# Sawing thin clear white soft Maple



## gvwp (Oct 19, 2012)

Sawed a few clear snow white soft Maple logs today into thin stock. Lumber was sawn at 1 1/16", 5/8" and 1/4". Trees were cut down yesterday and milled today to get the maximum snow white color. Lumber will be put into the kiln next week. Lumber will be used for making laminated stock. 

[attachment=12306]
[attachment=12307]
[attachment=12309]
[attachment=12310]
[attachment=12311]
[attachment=12312]
[attachment=12313]
[attachment=12314]


----------



## BarbS (Oct 19, 2012)

That's a nice operation you have set up. And some fine maple!


----------



## DomInick (Oct 19, 2012)

+1 on the set up. Looks nice and well organized work space.


----------



## Mizer (Oct 19, 2012)

Nice set up! looks very familiar. What do you do about diesel fumes?


----------



## gvwp (Oct 19, 2012)

Mizer said:


> Nice set up! looks very familiar. What do you do about diesel fumes?

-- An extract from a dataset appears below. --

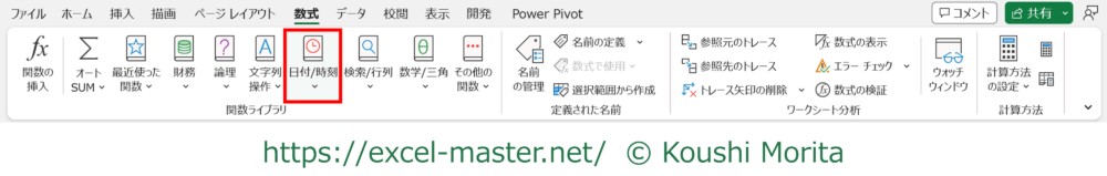 あくまで参考情報となりますが、WORKDAYはリボン「数式」タブの関数ライブラリの「日付/時刻」に分類されています。

Thanks for the comments. I leave the main door open when milling. Can't shut the door and run the sawmill very long. I really want to upgrade to an electric mill but we are a deep country location and 3PH 480V is not available off the pole so we either have to generate it or convert it. Either option is not cheap to do. I have a 3ph converter which runs the blower, moulder, and jump saw but would take a larger setup to run an electric sawmill. :dash2:


----------



## woodtickgreg (Oct 19, 2012)

gvwp said:


> Mizer said:
> 
> 
> > Nice set up! looks very familiar. What do you do about diesel fumes?
> ...


I agree with the nice set up!


----------